Meditation, when done properly, is a deep eternal sigh. It’s a surrendering. It’s an invitation to just be as you are. Not in a cute superficial “Be Yourself” kind of way, but in a raw, total, all-encompassing, messy, vulnerable, and dangerous kind of way. 

‘Cause there’s nothing wrong with who you are. It’s exactly who you need to be, in this moment.

When we meditate, we are waking up to the nudge of wild acceptance. We are looking beyond the surface to access the depth of the waters, no matter how dark, cloudy, and murky they may be.

Meditation isn’t about quieting your mind.
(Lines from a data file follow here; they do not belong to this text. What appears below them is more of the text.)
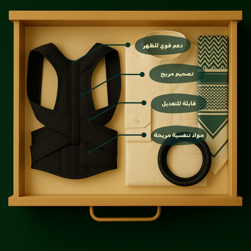 داعم الظهر يحسن الوضعية، يوفر دعمًا قويًا، يخفف من ألم الظهر، يعزز الراحة، ويزيد الثقة مع كل استخدام.
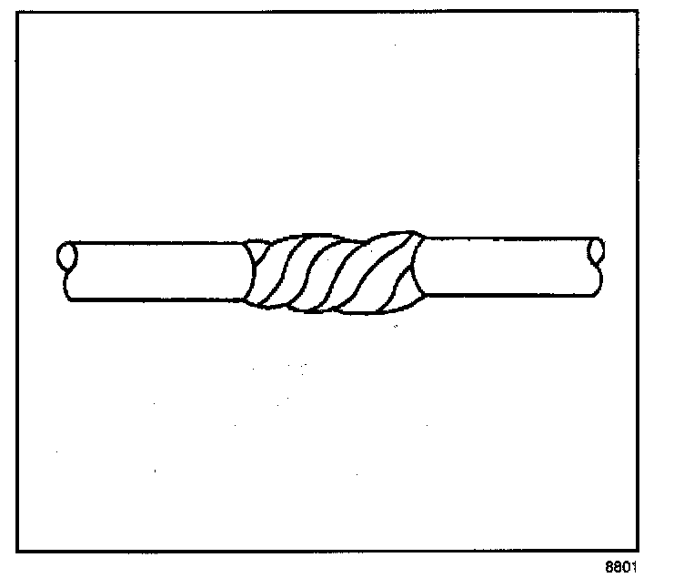 2. Unwrap the tape. Do not remove the tape. Use the tape in order to rewrap the twisted conductors after the splice is made.
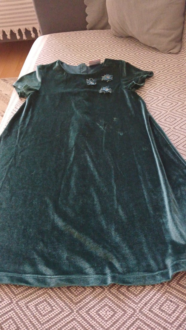 Siyah kız çocuk elbise, kısa kollu ve yuvarlak yakalıdır. Düğme detaylı, bol kesim ve yumuşak sentetik kumaştan üretilmiştir.
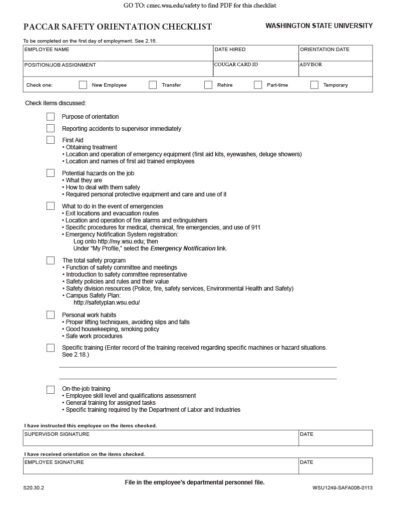 - Print out the Safety Orientation Checklist (PACCAR), fill in your information, and check off the boxes as you read the PACCAR safety PDF.

And it’s not about finding inner stillness and peace.

It’s about finding yourself, where you are. And not trying to be someone else, or somewhere else. 

It’s about stepping into the fullness of you.

It’s not about “letting go” of the thoughts.

It’s about letting them come, at first. Because come they will. You’ll have no choice. You can try to shut them out, try to ignore them, but they’ll still be there, demanding your full attention. Waiting eagerly for you at the end of every exhale.

It’ll be unpleasant. It’ll be hard. You’ll convince yourself that the easiest thing to do is step away, give up, never meditate again.

But — remember — you didn’t come here for “easy.” You came here to grow, to journey, to explore. You came here to stretch. To plunge madly into the core of all that you are. 

And so meditation won’t be easy.

In the beginning, you will close your eyes. You will breathe. You will follow the breath, making sure to keep the spine straight.

In one moment, you will be there. You will be locked in. And the next, you will be thinking about the laundry you have to do, or that one thing that your friend said to you last night.

But that’s okay. Let the thoughts come, and then, undeterred, go back to the breath.

With every thought that comes, let it complete itself. Then go back to the breath. 

With every distraction and frustration, just acknowledge it in the moment. But then, the breath. Find it again.

Meditation might make you feel like you’re going mad. It might make you feel like you’re not good enough, like you don’t know how to sit still.

Accept what comes up for you, in each moment. And then, always, back to the breath.

Keep this up, and one day, you will find that you can be with the breath for 30 seconds, or a minute, or two minutes, before the thoughts or feelings come up again.

The amount of time you meditate with ease will slowly and naturally continue to expand, the more you do it.

Trust that. Trust in yourself. Trust in the moment.

Accept where you are right now. You got this.